EXERCISE AIM —
Pictures aside, please retype the whole listing word for word.

GIVEN INFORMATION —
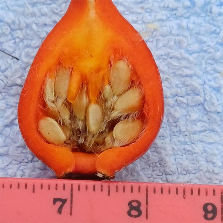 Vruchten - De stijlen zijn van het hoedtype. De bottels zijn groot (lengte 18-23 mm, doorsnede 14-15 mm, bottelsteel 7-10 mm) en hebben een stijlopening met een doorsnede van 1,4 tot 2,5 mm. De kelkbladen staan recht omhoog en zijn langblijvend.
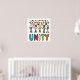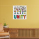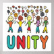 Unity Design ist eine Menschenmenge verschiedener Strichmännchen, die über dem großen UNITY-Schriftsatz stehend sind. Farbenfrohe und warme Grafik, um den Power und die Freude an Unity zu zeigen.
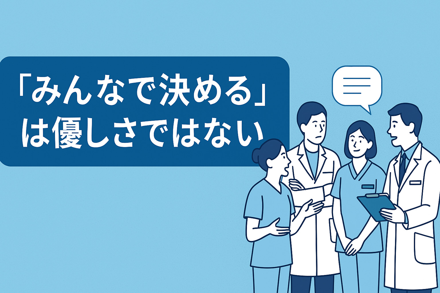 こうした理想を掲げ、「合議制(コンセンサス方式)」を取り入れる医療機関や介護事業所は多い。

ANSWER BOX —
 Vruchten - De stijlen zijn van het hoedtype. De bottels zijn groot (lengte 18-23 mm, doorsnede 14-15 mm, bottelsteel 7-10 mm) en hebben een stijlopening met een doorsnede van 1,4 tot 2,5 mm. De kelkbladen staan recht omhoog en zijn langblijvend.
 Unity Design ist eine Menschenmenge verschiedener Strichmännchen, die über dem großen UNITY-Schriftsatz stehend sind. Farbenfrohe und warme Grafik, um den Power und die Freude an Unity zu zeigen.
 こうした理想を掲げ、「合議制(コンセンサス方式)」を取り入れる医療機関や介護事業所は多い。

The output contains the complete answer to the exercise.